Blog of Rights

Rachel
Myers

Rachel Myers is a senior communications strategist at the ACLU focusing on criminal justice issues. She worked previously at the ACLU of Maine and the Portland (ME) Education Partnership, where she trained teachers, students and community organizations to use service learning in the public schools. She is a graduate of the University of Texas at Austin.

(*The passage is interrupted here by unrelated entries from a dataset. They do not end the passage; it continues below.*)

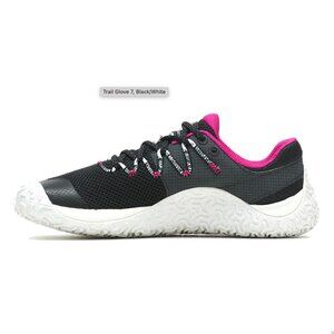 Gorgeous and comfortable pair of near new Trail Glove 7 trail runner walking and hiking shoes by Merrell. In box. Worn once. Can see from photos, no wear on the shoe, just a little dust on the soles. These are a size 9. Super cute black with pink and white accents. I love them but they're just a hair too small on me, otherwise I'd keep them.
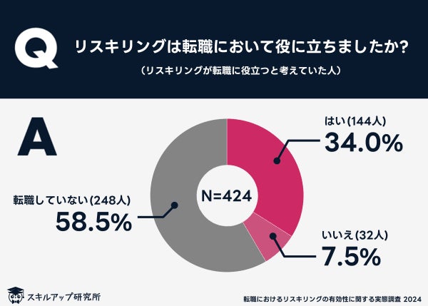 本調査で明らかになったのは、リスキリングを行った人の中で実際に転職を果たした層は34.0%にとどまり、58.5%もの人がリスキリングをしながらも転職していない実態であった。
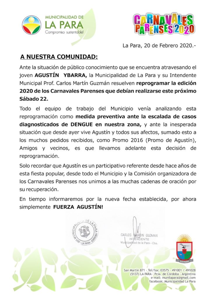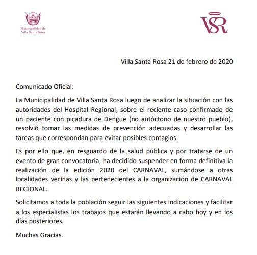 Por diversos motivos, entre ellos la situación regional y local en cuanto al dengue, los Municipios de las localidades de La Para y Villa Santa Rosa, determinaron suspender los eventos de carnaval programados para este fin de semana.
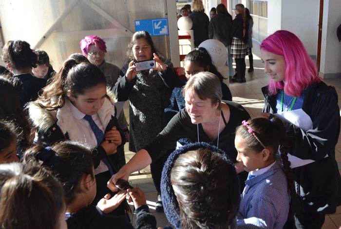 El secretario general de la Corporación Municipal, Patricio Bacho, en compañía de la directora del Departamento de Educación, Sandra Castro, valoró la estadía del grupo compuesto por 8 estudiantes (de entre 14 y 18 años), dos profesoras y una supervisora, por cuanto realizaron valiosas charlas científicas a sus pares de los colegios Coquimbito, Saturno, Pedro Aguirre Cerda y Javiera Carrera.
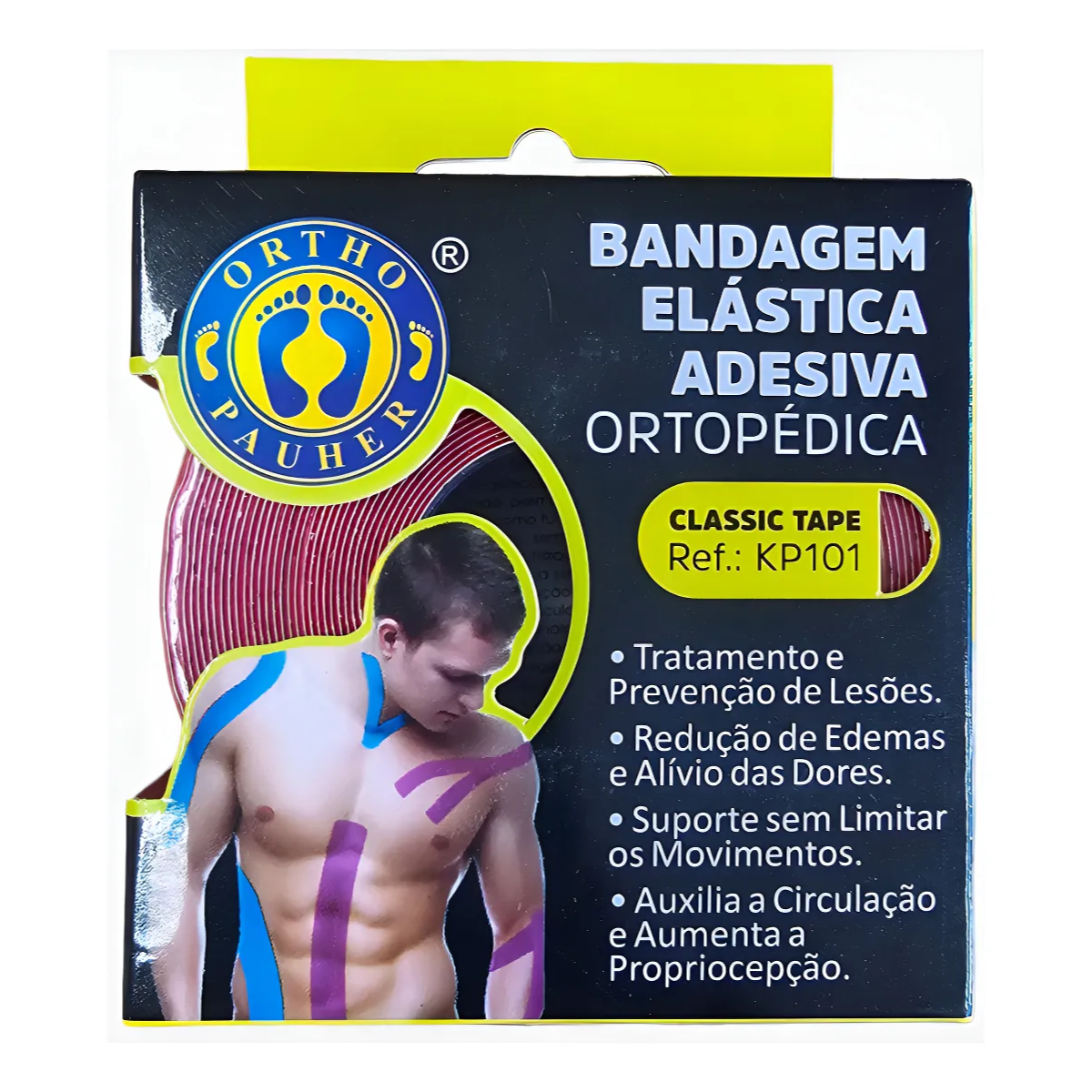 A Bandagem Elástica Kinesio Pauher Classic Tape Cor Preto é uma fita elástica adesiva indicada para suporte muscular e articular durante atividades físicas, terapias e recuperação. Sua textura se adapta à pele e não limita os movimentos, proporcionando conforto e estabilidade.
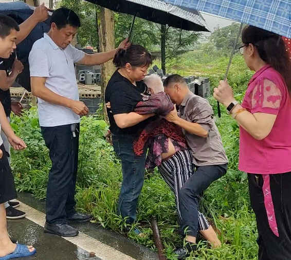 6月29日下午,石井头村片长彭笃军接到邻长刘胜军电话,巡查时发现一老人不慎摔倒路边杂草丛中,他一边寻找附近的村民帮忙施救,一边紧急报告村委,石井头村村干部闻讯急忙往事发点前往急救老人,在热心群众的帮忙下,大家扶的扶、抬的抬、打伞的打伞,同心协力把老人扶起来,老人是邻村的杨妈,今年82岁,这几天住女儿家,女儿有事外出一会,杨妈趁雨小了些,出来散散步,没想到因路面湿滑倒到了路肩下,所幸路边全是草,没有受伤,大家一起把老人扶起,安全护送回家。
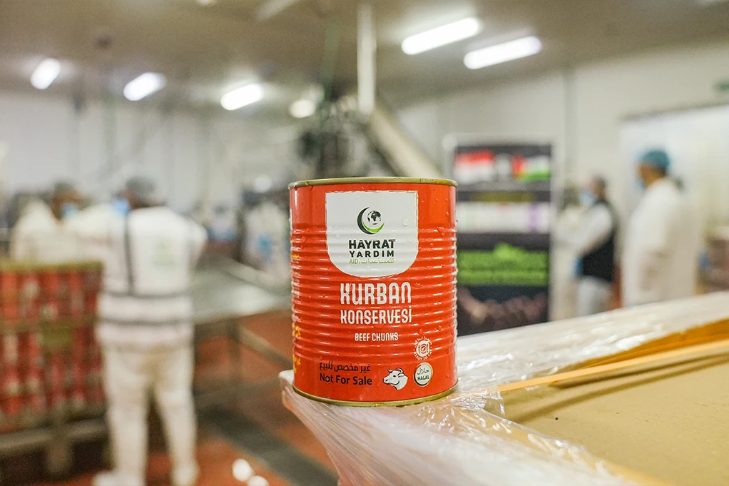 Geçtiğimiz aylarda Gazze Kurbanları kapsamında 7.500 büyükbaş hisse bağışı topladık. Kurban Bayramı’nda bağışçılarımızın emaneti, İslami usullere uygun şekilde kesildi. Şu anda ise kurban etleri konserve haline getirilme aşamasında. Toplamda 160.230 adet konserve büyük bir titizlikle hazırlanıyor.
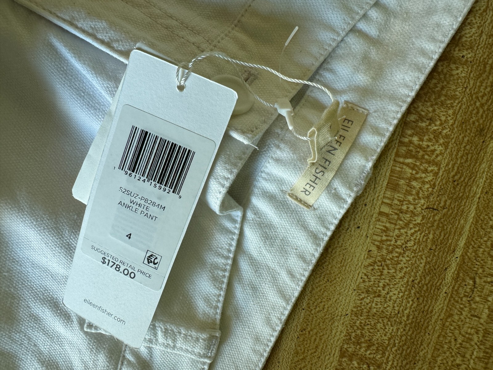 NEW EILEEN FISHER COTTON HEMP TAPERED PANTS ANKLE WHITE ORGANIC POCKETS SIZE 4
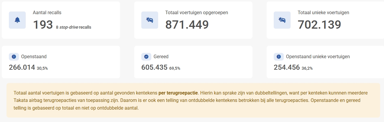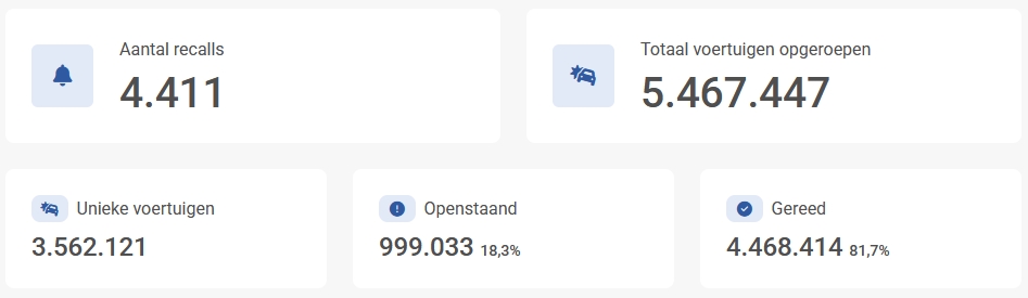 Het grote makke van het terugroepactiesysteem blijft echter de terugkoppeling van reparaties. Sinds 2012 zijn er meer dan 4.400 terugroepacties geregistreerd. Daarbij zijn er 5,4 miljoen oproepen geweest. Qua unieke voertuigen zijn/waren dat 3,5 miljoen voertuigen.
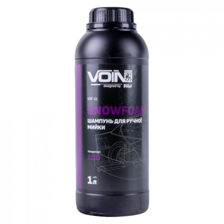 VOIN SnowFoam — це нейтральний шампунь ідеально підійде для другої фази мийки авто (видалення статичних забруднень). Має густу та насичену піну з приємним ароматом. Ефективно видаляє бруд з лакофарбових поверхонь та скла. Завдяки унікальному складу працює навіть в жорсткій воді. Не містить шкідливих для здоров’я складових. Повністю змивається звичайною водою, не залишає розводів, помутнінь, відблисків, залишає прозору, чисту поверхню. Не містить агресивних складових. Безпечний для лакофарбових покриттів, пластику, гуми. Економний у використанні, має приємний запах.При концентрації 1:5, може використовуватись лубрикантом для глибокої очистки лакофарбового покриття авто за допомогою автоскрабу, глини.
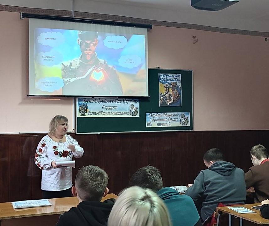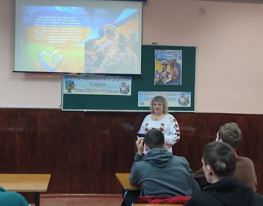 Саме тому 05.12.25 у ДПТНЗ “Жмеринське вище професійне училище” класним керівником Шевчук Тетяною та майстром в/н Тесленко Іриною у групі 4 проведений виховний захід на тему: «День ЗСУ та Святого Миколая».
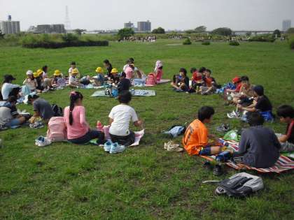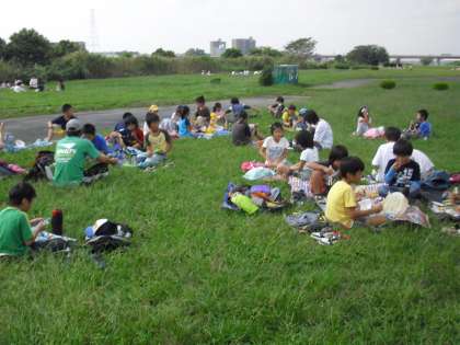 今日は、なかよし班で、多摩川に出かけて、お昼を食べ、その後に楽しく遊びました。お弁当を持ってのなかよし班は、今年度から始めて行った活動です。楽しくできました。

Protection Gone Terribly Wrong: Baseless Child-Pornography Charges Against Teenage Girls In Pennsylvania

By Rachel Myers, ACLU at 11:20am

(Originally posted on Feministing.)

On Wednesday, the ACLU of Pennsylvania filed a lawsuit against Wyoming County (PA) district attorney George Skumanick, Jr., for threatening three high school girls with child pornography charges over digital photos of themselves in which they appear topless or in their underwear. Skumanick asserted that the girls were accomplices to the production of child pornography because they allowed themselves to be photographed. The threatened charges of sexual abuse of a minor could come with jail time and registration as sex offenders

Which seems even more extreme when you consider that Skumanick has not threatened to charge the individuals who distributed the photos in the first place. It also seems a little counter-intuitive, since child pornography laws are meant to protect children from being exploited, where as charging them with a felony and potentially subjecting them to being on a sex offender registry hardly seems protective.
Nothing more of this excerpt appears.